With the pictures left out, write out exactly the lines of the listing below that run from the line with "Шкаф для одежды" through the line with "5号車には、車輪が空回りして".
===== Records
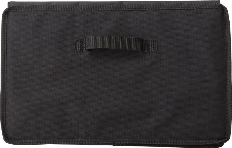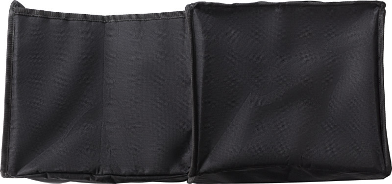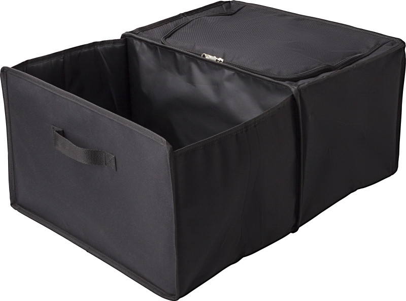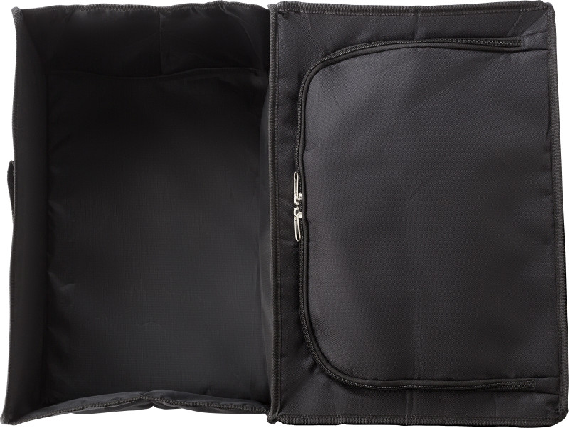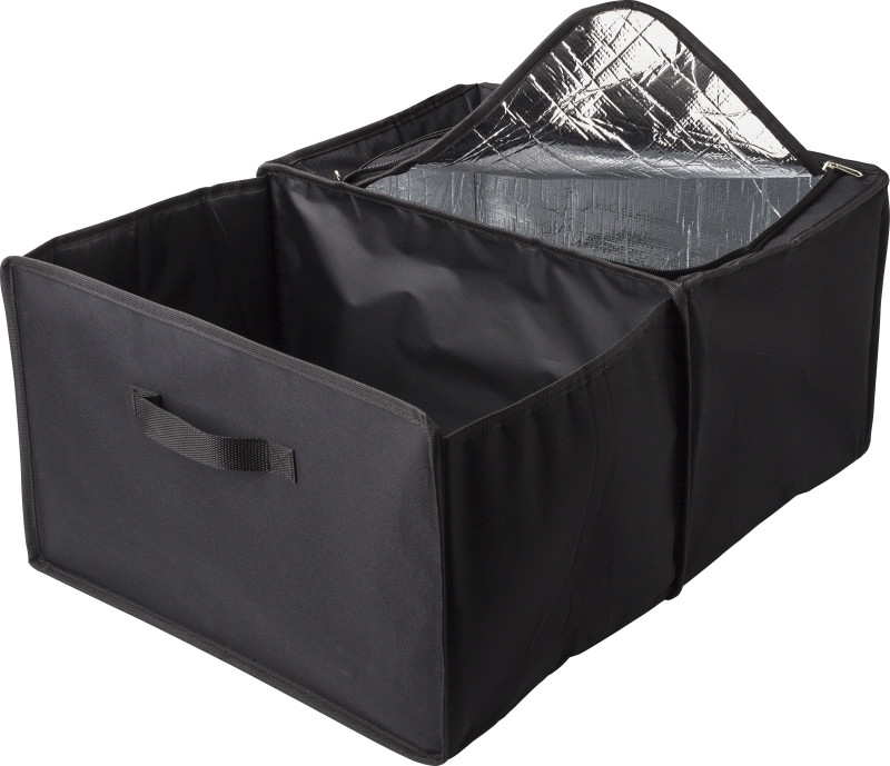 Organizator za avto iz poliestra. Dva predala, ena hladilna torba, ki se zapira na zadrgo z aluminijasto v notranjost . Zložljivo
==========
===== Records
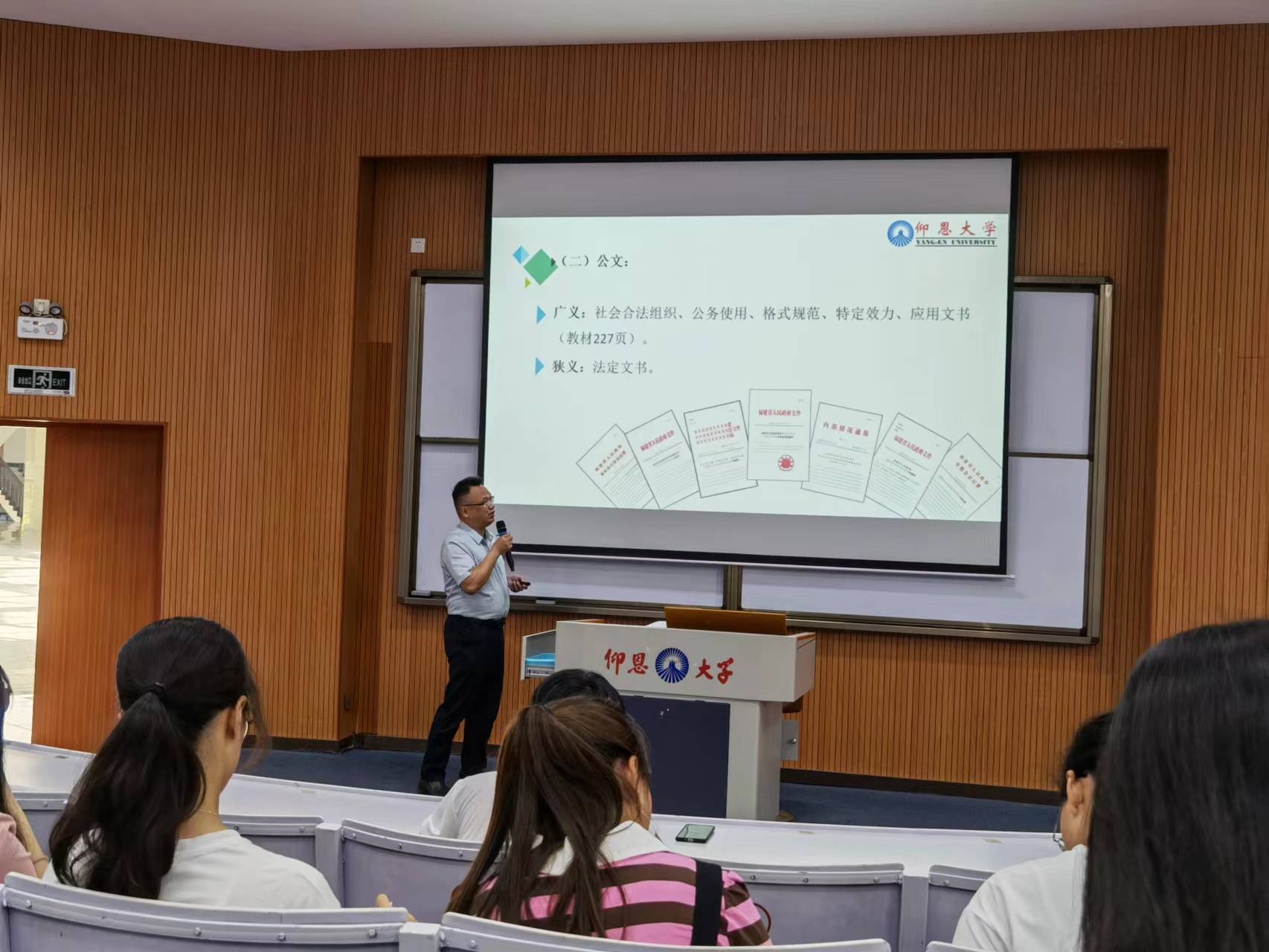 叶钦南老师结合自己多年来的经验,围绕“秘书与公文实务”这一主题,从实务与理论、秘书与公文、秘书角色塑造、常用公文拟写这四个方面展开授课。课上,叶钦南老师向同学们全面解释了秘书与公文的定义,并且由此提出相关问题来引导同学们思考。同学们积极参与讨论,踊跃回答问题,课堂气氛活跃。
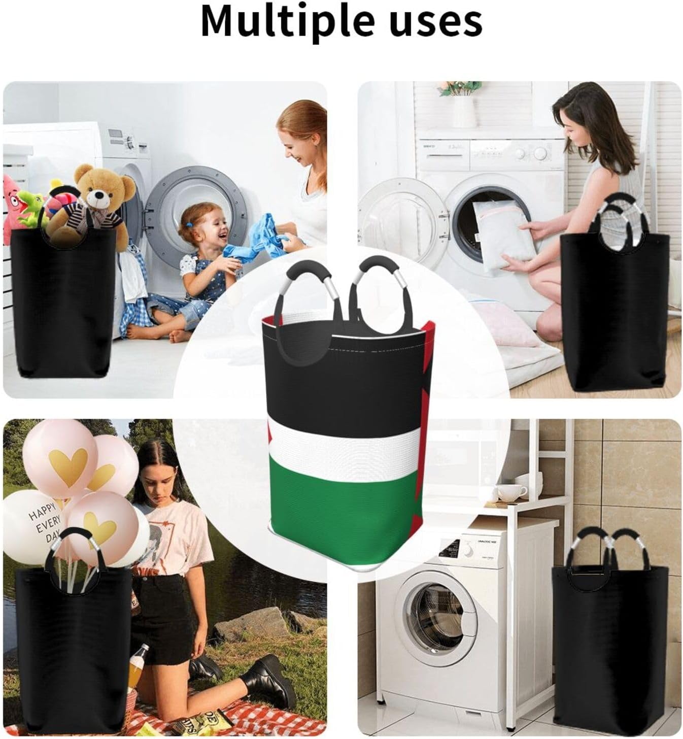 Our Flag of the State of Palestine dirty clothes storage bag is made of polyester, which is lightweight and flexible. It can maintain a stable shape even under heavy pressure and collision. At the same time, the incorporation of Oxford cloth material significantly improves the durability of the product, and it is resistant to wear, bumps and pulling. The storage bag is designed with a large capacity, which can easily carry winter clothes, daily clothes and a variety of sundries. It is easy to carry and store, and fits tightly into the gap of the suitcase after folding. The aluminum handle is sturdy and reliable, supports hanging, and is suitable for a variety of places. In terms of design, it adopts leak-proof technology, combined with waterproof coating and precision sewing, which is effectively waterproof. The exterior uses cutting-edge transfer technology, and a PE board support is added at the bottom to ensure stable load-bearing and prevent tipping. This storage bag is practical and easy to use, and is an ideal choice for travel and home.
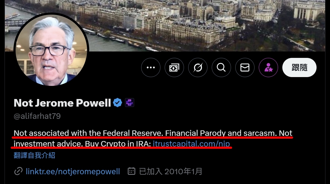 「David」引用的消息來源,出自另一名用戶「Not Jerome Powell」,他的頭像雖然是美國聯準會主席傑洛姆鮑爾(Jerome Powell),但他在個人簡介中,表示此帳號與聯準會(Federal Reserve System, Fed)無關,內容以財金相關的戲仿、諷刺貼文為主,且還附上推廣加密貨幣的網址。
==========
===== Records
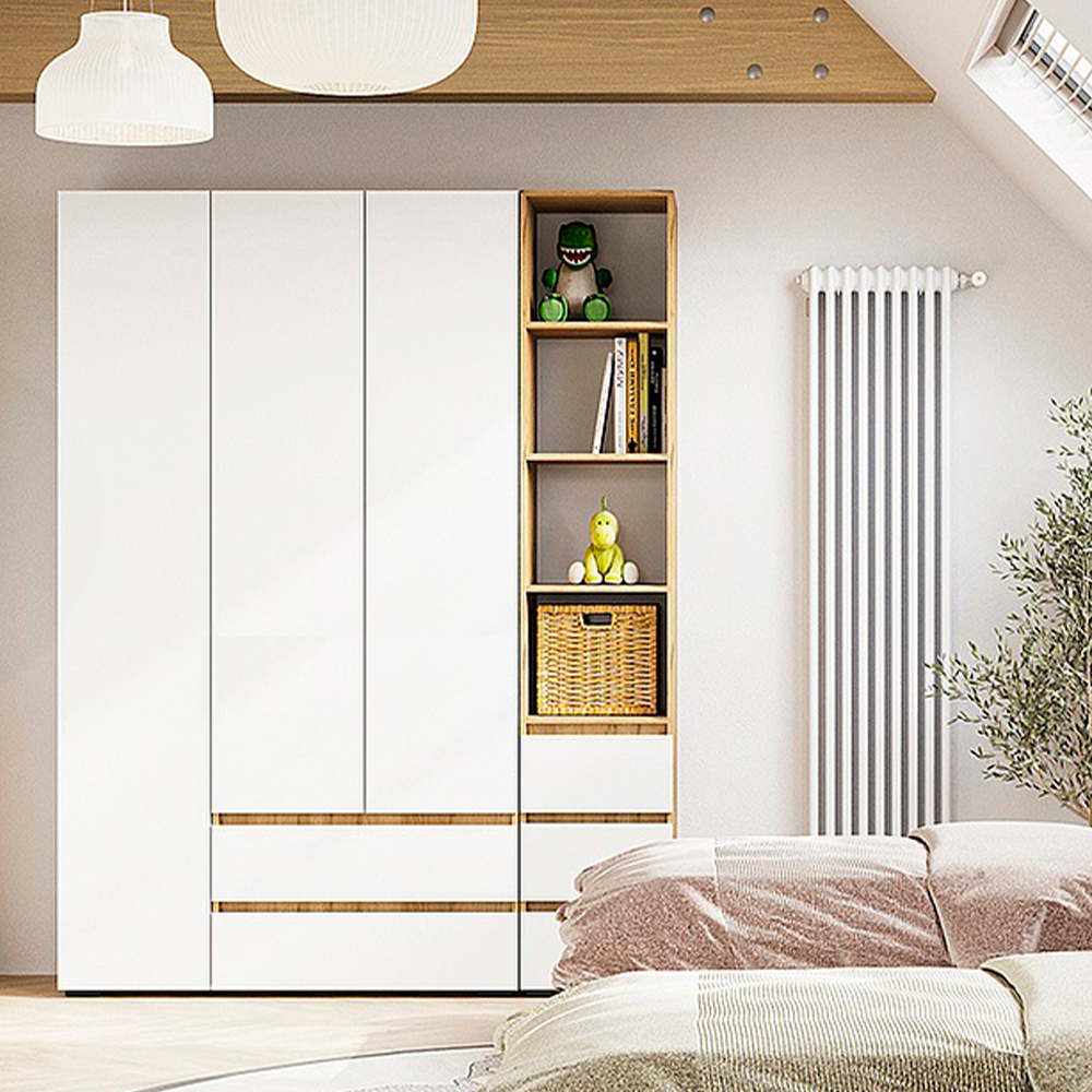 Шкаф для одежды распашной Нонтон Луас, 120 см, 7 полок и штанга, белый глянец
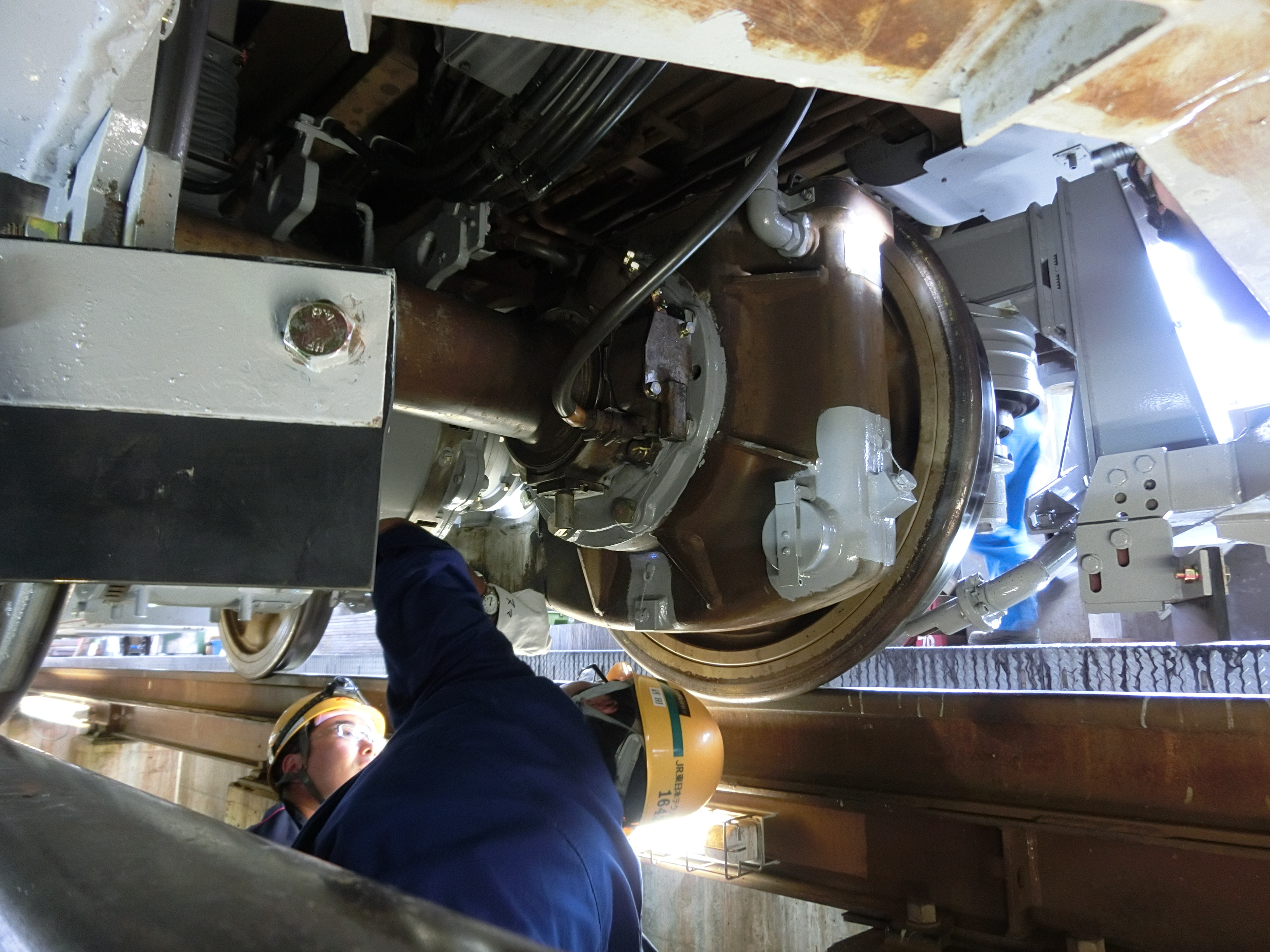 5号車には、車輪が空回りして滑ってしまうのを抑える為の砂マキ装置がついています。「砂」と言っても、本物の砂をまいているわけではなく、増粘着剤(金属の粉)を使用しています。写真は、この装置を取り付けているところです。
==========
__Written response__.
 Шкаф для одежды распашной Нонтон Луас, 120 см, 7 полок и штанга, белый глянец
 5号車には、車輪が空回りして滑ってしまうのを抑える為の砂マキ装置がついています。「砂」と言っても、本物の砂をまいているわけではなく、増粘着剤(金属の粉)を使用しています。写真は、この装置を取り付けているところです。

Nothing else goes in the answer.